増加する空き家と0円物件

 日本国内にある空き家の数は2018年10月1日時点で846万戸、総務省統計局の「住宅・土地統計調査」(PDF)によると総住宅数に対して13.6%という過去最高値の空き家率を記録している。1988年からの30年間で空き家が452万戸も増加しているのだ。

 空き家を取得した経緯としては、リライトと0円都市開発合同会社の両代表が「圧倒的に相続が多い」と口をそろえる通り、相続による取得が過半数を占める(国土交通省住宅局「平成26年 空家実態調査」、PDF)。
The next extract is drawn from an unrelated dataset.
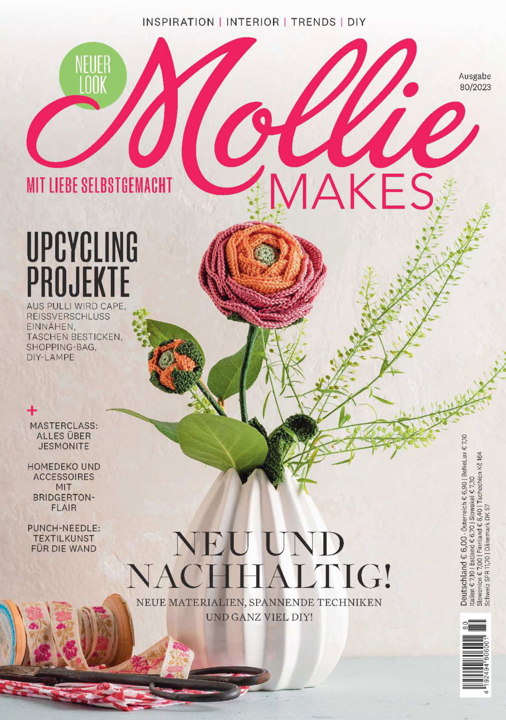 Wollen wir nicht alle etwas nachhaltiger leben? Mit dieser Ausgabe von Mollie Makes zeigen wir dir neue und nachhaltige Projekte. Wir machen aus einem alten Strickpulli ein niedliches Cape, peppen ein Kleid mit gestickten Taschen aus, zeigen, wie man einen Reißverschluss ganz einfach austauschen kann, und besticken eine Shopping-Bag. In unserer Masterclass zum Thema Jesmonite erfahrt ihr alles über das trendige Material und natürlich könnt ihr das gelernte gleich anhand einiger DIYs ausprobieren. Es gibt also einiges zu entdecken – worauf wartest du noch?

 実家などを相続したものの、「現在の居住地から遠い」「利用する人がおらず、利用する予定もない」といった理由で空き家になってしまうケースは少なくない。資産になる物件ならば所有しておくという手もあるが、「売却したいが数年たっても売れる気配がない」「不動産業者に相談したが相手にされない」「自治体に寄付を申し出たが断られた」と負動産化してしまう空き家も多いのである。
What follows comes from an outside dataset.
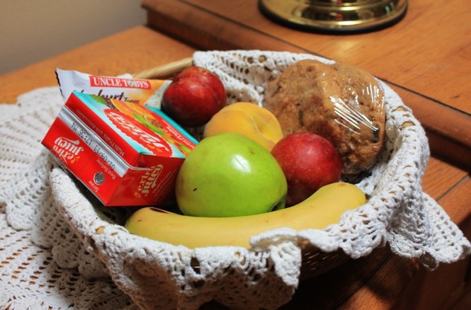 晚餐后我们和其他wwoofers聊了一个会,已经快十点了,我们赶紧准备回宿舍睡觉了,明天早上七点要gathering。回到宿舍,我发现在床头放置了一篮子水果和饼干,原来这是农场送给每一位新来wwoofer的礼物,感觉好窝心好温暖啊!

 田中代表によると「0円でも、諸費用を負担してでも空き家を手放したい」という相談は4年ほど前から増えてきたという。空き家は放置しておくだけでも管理責任や費用が発生するため、扱いに困った所有者がリライトや「みんなの0円物件®」に0円物件や格安物件として負動産を持ち込むのだ。

 直近1年間で0円物件を約400件扱ったという中村代表は「その前の1年間は、年間で100件ほどでした」と語る。都市部への人口集中や少子高齢化で、今後ますます空き家が増えていくことは想像に難くない。空き家の増加に伴い、負動産に頭を悩ませている人たちも年々増えているのだ。